We utilized the Oncomine (https://www.oncomine.org/resource/login.html) and UALCAN (http://ualcan.path.uab.edu/analysis.html) databases to detect the expression level of HKDC1 genes.
Measurement of glucose and lactate
Transfected A549 and H1299 cells were seeded in 6-well plates (5×105) and the culture media were harvested 48 h after transfection. The glucose and lactate levels were measured using a Glucose Assay Kit (Sigma-Aldrich, USA) and a Lactic Acid Assay Kit (Sigma-Aldrich, USA), respectively, according to the manufacturer’s protocol. The values were normalized to the total protein concentration. All experiments were performed in triplicate.
Cell proliferation assays
Cell viability was measured by Cell Counting Kit-8 (CCK-8, Bimake, USA). Briefly, transfected cells were seeded in 96-well plates (5000 cells/well) and cultured for 3 days to assess proliferation. The absorbance was measured at 450 nm. All experiments were performed in triplicate.
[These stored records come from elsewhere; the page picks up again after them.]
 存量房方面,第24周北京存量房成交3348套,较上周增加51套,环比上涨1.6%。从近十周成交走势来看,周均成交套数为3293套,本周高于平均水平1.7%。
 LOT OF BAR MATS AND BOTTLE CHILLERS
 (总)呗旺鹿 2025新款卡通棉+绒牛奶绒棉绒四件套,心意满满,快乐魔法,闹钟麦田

Cell migration and invasion assay.
Cell migration and invasion ability was assessed by 24-well Transwell chambers (Corning) with or without a Matrigel (Corning, Bedford, MA, USA) coating. Briefly, approximately 1*105 cells were resuspended in 300 µL serum-free DMEM and seeded into the upper chambers, whereas the bottom chamber was filled with 500 µL 10% FBS medium. Twenty-four hours later, the migrated/invaded cells in the lower chamber were fixed with 4% paraformaldehyde and stained with 1% crystal violet. All experiments were performed in triplicate. Cell counting was accomplished by ImageJ software (Rawak Software Inc, Stuttgart, Germany).
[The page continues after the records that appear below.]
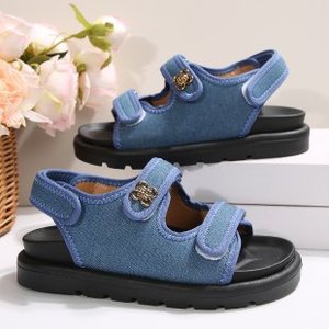 夏の大きいサイズのデニムのマジックテープの厚い底のサンダル2025新型の越境欧米のローマのサンダルの女性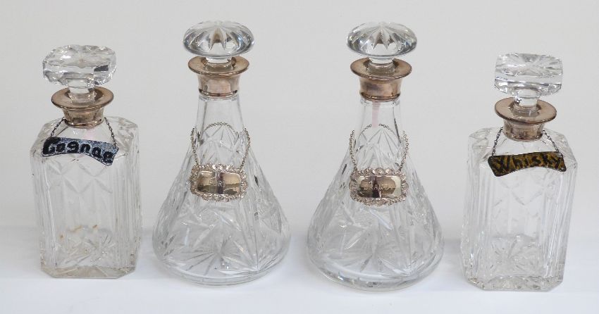 Two pairs of hallmarked silver mounted cut glass decanters with plated or enamel spirit tickets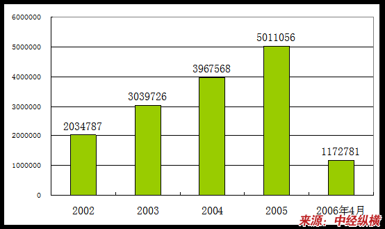 | 2006年1-4月 | 1172781 | 749290 | 321811 | 101680 |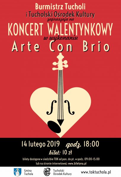 Burmistrz Tucholi oraz Tucholski Ośrodek Kultury zapraszają na Koncert Walentynkowy w wykonaniu zespołu „Arte Con Brio”, który odbędzie się 14 lutego 2019 r. o godz. 18:00 w sali widowiskowej TOK. Bilety w cenie 10 zł/osoba.

Five-week-old male BALB/c nude mice were purchased from Shanghai Experimental Center (Shanghai, China). Xenograft tumor models were established by subcutaneous injection of ovHKDC1 or shHKDC1 (5×106) transfected A549 cells into the right dorsal flank. Three mice were randomly assigned to each group. One week after injection, the mice were measured once a week for a total of 4-5 weeks. Tumor volume (V, cm 3) was evaluated by a slide caliper (Shanghai, China) based on tumor length (L) and width (W) with the following formula: V= 1/2×L×W2. All manipulations were performed in accordance with currently prescribed guidelines and under a protocol approved by the SMMU Ethical Review Committee (Shanghai, China).
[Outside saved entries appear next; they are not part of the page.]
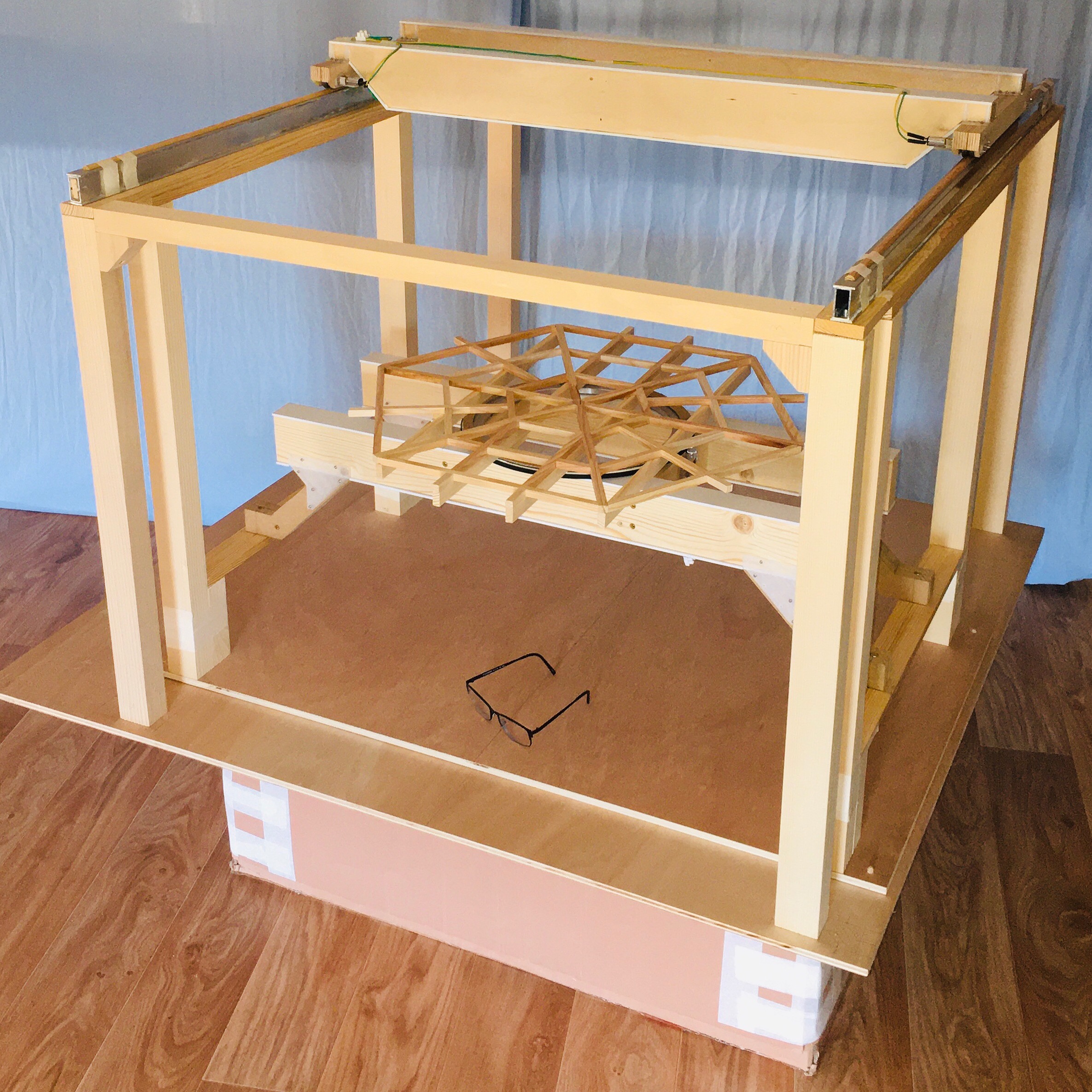 L’architecture de la Batcave du diorama est imposée d’une part par les dimensions maximales fixées par le cahier des charges, et d’autre part, la logique fonctionnelle dans l’intégration des équipements industriels. De plus, cette structure doit être démontable pour en faciliter le transport.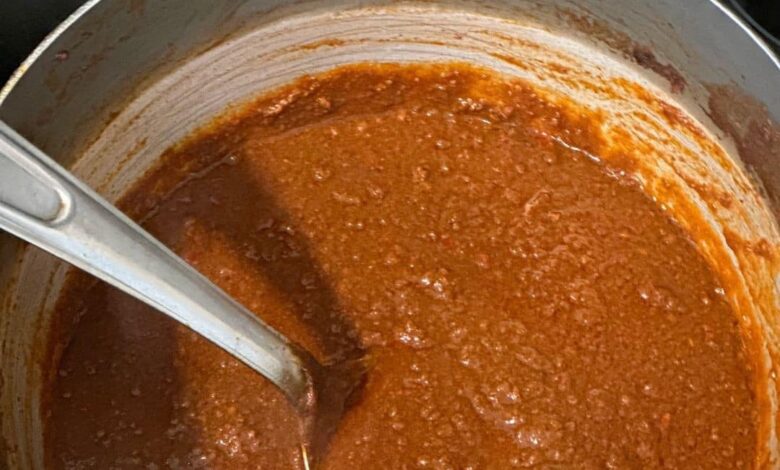 - Add ingredients: Add broth, tomato sauce, chili powder, cocoa powder, Worcestershire sauce, chili flakes, paprika, soy sauce, onion powder, garlic powder, and cayenne pepper.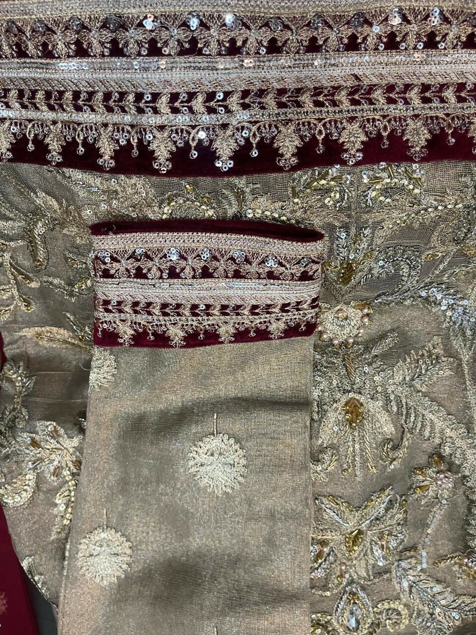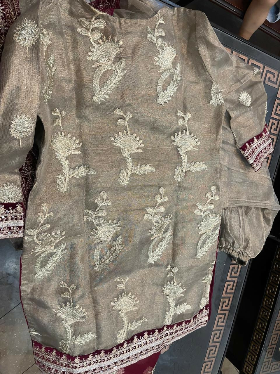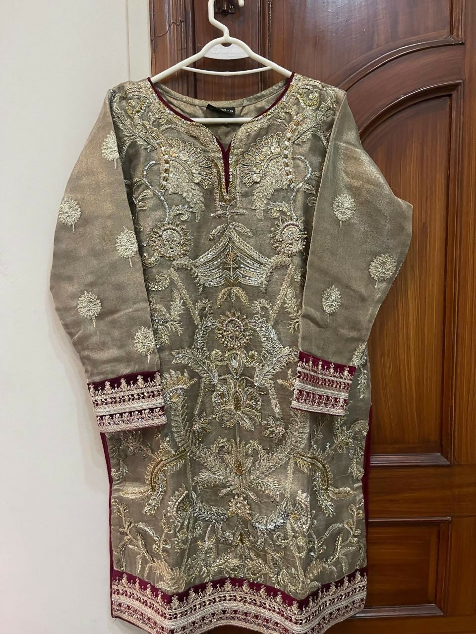 | MATERIAL & MEASUREMENT | Fabric: Mehsuri Measurements Chest: 23 Length: 46 Sleeves: 20 |
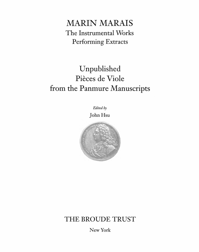 This edition presents the pièces de viole uniquely preserved in the Panmure Manuscripts, reproduced from Marin Marais: The Instrumental Works, 7, pp. 87–135.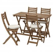Эта мебель занимает мало места при хранении, так стол и стулья складываются.Мебель обработана полупрозрачной морилкой. Это повышает ее прочность и подчеркивает выразительность натуральной фактуры дерева.Чтобы продлить срок службы подушки, ее можно регулярно переворачивать.4 подушки прилагаются.Рекомендовано для использования на улице.Для повторной обработки используйте морилку, продается отдельно.Подушки продаются отдельно.Дизайнер:Eva Lilja Löwenhielm/IKEA of SwedenМатериалы и уход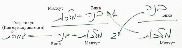 Поэтому сначала должно осуществиться действие по включению малхут в бину, а затем, когда бина уже будет знать, кто такая малхут, когда малхут присоединится к бине (бина+малхут) – тогда бина сможет присоединиться к малхут: малхут+бина –> Конечное Исправление.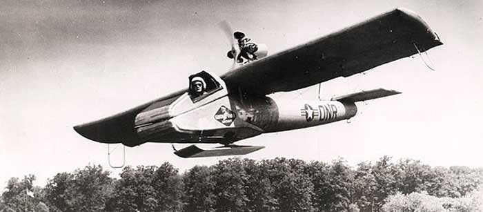 Vought V-173 был разработан в 1942-м году, в качестве прототипа самолёта с вертикальным взлётом и посадкой, способного перехватывать вражеские истребители, взлетая с палубы авианосца. За странную конструкцию лётчики-испытатели прозвали этот самолёт «летающий блин».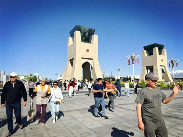 (中哈霍尔果斯国际边境合作中心游客络绎不绝)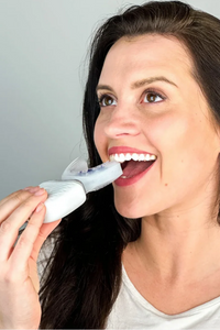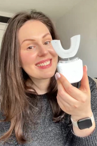 LumoBrush™ uses advanced sonic technology and a U-shaped, BPA-free silicone mouthpiece to clean every tooth at once.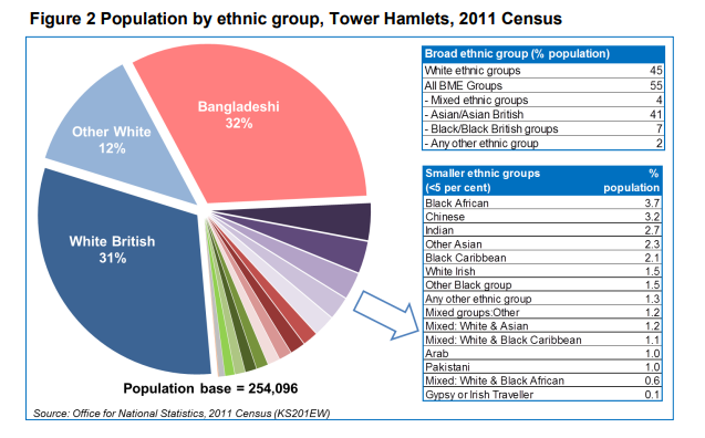 Offisielle tall fra folketellingen i 2011 (foretas hver 10. år og neste publisering blir senere i 2022) viser at personer med bakgrunn fra Bangladesh er den mest dominerende gruppen i Tower Hamlets. Sannsynligvis er det langt færre hvite briter i Tower Hamlets nå.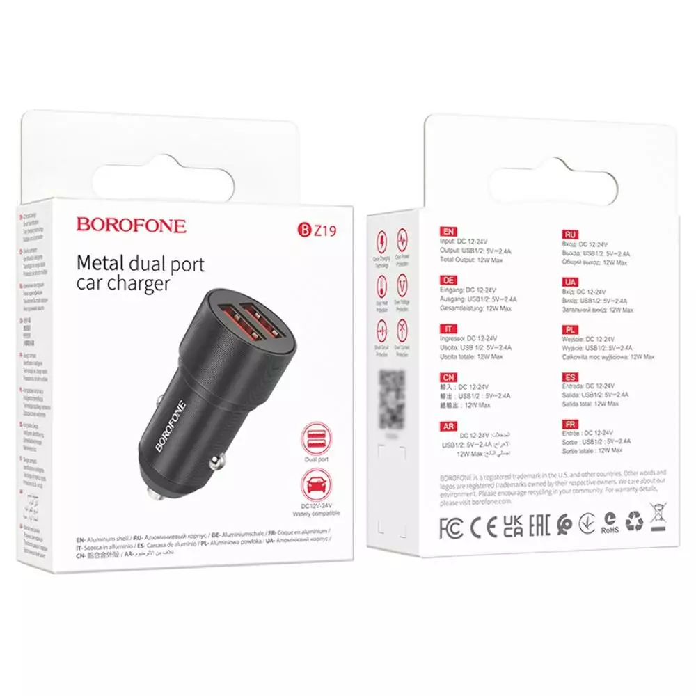 Зарядний пристрій BOROFONE BZ19 USB поєднує компактність, надійність і високу швидкість заряджання, що робить його зручним аксесуаром для повсякденного використання в автомобілі.

Data analysis was carried out using IBM SSPS 24 (IBM Corp., Armonk, NY, USA) and data were reported as the mean ± standard deviation (mean ± SD). Student’s t-test was used to determine differences between groups and two-tailed ANOVA was performed in cases of multiple groups. The association between genes and clinicopathological features was analyzed by the chi- square test or Fisher’s exact test. Kaplan-Meier curves were used to compare the OS between groups. Multivariate analysis was performed to determine independent factors affecting the prognosis of patients. Differences were considered statistically significant when P < 0.05.